Judge of my chagrin and all that sort of thing, therefore, when, tottering to
my room and switching on the light, I observed the foul features of young Bingo
all over the pillow. The blighter had appeared from nowhere and was in my bed,
sleeping like an infant with a sort of happy, dreamy smile on his map.
A bit thick I
mean to say! We Woosters are all for the good old mediæval hosp. and all that,
but when it comes to finding chappies collaring your bed, the thing becomes a
trifle too mouldy. I hove a shoe, and Bingo sat up, gurgling.
"'s
matter? 's matter?" said young Bingo.
"What the
deuce are you doing in my bed?" I said.
"Oh,
hallo, Bertie! So there you are!"
"Yes, here
I am. What are you doing in my bed?"
"I came up
to town for the night on business."
"Yes, but
what are you doing in my bed?"
"Dash it
all, Bertie," said young Bingo querulously, "don't keep harping on
your beastly bed. There's another made up in the spare room. I saw Jeeves make
it with my own eyes. I believe he meant it for me, but I knew what a perfect
host you were, so I just turned in here. I say, Bertie, old man," said
Bingo, apparently fed up with the discussion about sleeping-quarters, "I
see daylight."
"Well,
it's getting on for three in the morning."
"I was
speaking figuratively, you ass. I meant that hope has begun to dawn. About Mary
Burgess, you know. Sit down and I'll tell you all about it."
"I won't.
I'm going to sleep."
"To begin
with," said young Bingo, settling himself comfortably against the pillows
and helping himself to a cigarette from my special private box, "I must
once again pay a marked tribute to good old Jeeves. A modern Solomon. I was
badly up against it when I came to him for advice, but he rolled up with a tip
which has put me—I use the term advisedly and in a conservative spirit—on
velvet. He may have told you that he recommended me to win back the lost ground
by busying myself with good works? Bertie, old man," said young Bingo
earnestly, "for the last two weeks I've been comforting the sick to such
an extent that, if I had a brother and you brought him to me on a sick-bed at
this moment, by Jove, old man, I'd heave a brick at him. However, though it
took it out of me like the deuce, the scheme worked splendidly. She softened
visibly before I'd been at it a week. Started to bow again when we met in the
street, and so forth. About a couple of days ago she distinctly smiled—in a
sort of faint, saint-like kind of way, you know—when I ran into her outside the Vicarage. And yesterday—I say, you
remember that curate chap, Wingham? Fellow with a long nose."
"Of course
I remember him. Your rival."
"Rival?"
Bingo raised his eyebrows. "Oh, well, I suppose you could have called him
that at one time. Though it sounds a little far-fetched."
"Does
it?" I said, stung by the sickening complacency of the chump's manner.
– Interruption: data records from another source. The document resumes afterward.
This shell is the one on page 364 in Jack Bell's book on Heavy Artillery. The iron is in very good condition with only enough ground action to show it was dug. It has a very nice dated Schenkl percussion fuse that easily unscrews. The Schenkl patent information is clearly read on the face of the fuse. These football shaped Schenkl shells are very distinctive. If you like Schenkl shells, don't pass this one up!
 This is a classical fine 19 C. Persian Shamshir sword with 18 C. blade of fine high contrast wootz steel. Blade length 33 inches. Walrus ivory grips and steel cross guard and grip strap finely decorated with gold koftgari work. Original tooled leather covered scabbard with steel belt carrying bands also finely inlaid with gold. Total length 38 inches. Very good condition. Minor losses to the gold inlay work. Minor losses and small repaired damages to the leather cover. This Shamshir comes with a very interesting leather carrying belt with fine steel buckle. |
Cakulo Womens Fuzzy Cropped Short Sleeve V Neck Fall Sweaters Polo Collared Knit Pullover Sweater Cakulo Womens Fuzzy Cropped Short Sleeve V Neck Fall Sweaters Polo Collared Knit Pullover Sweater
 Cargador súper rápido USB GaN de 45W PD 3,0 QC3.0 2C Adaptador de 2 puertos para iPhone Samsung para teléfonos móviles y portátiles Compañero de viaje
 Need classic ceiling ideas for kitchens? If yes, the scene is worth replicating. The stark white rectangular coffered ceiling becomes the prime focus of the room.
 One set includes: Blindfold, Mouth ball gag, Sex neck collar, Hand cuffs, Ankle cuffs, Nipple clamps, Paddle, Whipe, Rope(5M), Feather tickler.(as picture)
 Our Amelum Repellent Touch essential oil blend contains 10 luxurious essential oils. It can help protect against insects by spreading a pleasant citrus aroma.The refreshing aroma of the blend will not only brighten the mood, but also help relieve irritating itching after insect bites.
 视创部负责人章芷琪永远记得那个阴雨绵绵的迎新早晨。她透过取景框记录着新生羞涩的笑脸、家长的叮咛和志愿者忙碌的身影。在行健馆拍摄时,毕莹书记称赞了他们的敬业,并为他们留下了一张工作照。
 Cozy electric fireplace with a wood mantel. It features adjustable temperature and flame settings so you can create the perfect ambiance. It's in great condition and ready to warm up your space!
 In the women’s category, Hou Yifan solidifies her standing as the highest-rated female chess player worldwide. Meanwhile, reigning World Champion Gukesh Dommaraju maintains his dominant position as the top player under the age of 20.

"Well, let me tell you that the last I heard was that at the 'Cow and
Horses' in Twing village and all over the place as far as Lower Bingley they
were offering seven to one on the curate and finding no takers."
Bingo started
violently, and sprayed cigarette-ash all over my bed.
"Betting!"
he gargled. "Betting! You don't mean that they're betting on this holy,
sacred—— Oh, I say, dash it all! Haven't people any sense of decency and
reverence? Is nothing safe from their beastly, sordid graspingness? I
wonder," said young Bingo thoughtfully, "if there's a chance of my
getting any of that seven-to-one money? Seven to one! What a price! Who's
offering it, do you know? Oh, well, I suppose it wouldn't do. No, I suppose it
wouldn't be quite the thing."
"You seem
dashed confident," I said. "I'd always thought that Wingham——"
"Oh, I'm
not worried about him," said Bingo. "I was just going to tell you.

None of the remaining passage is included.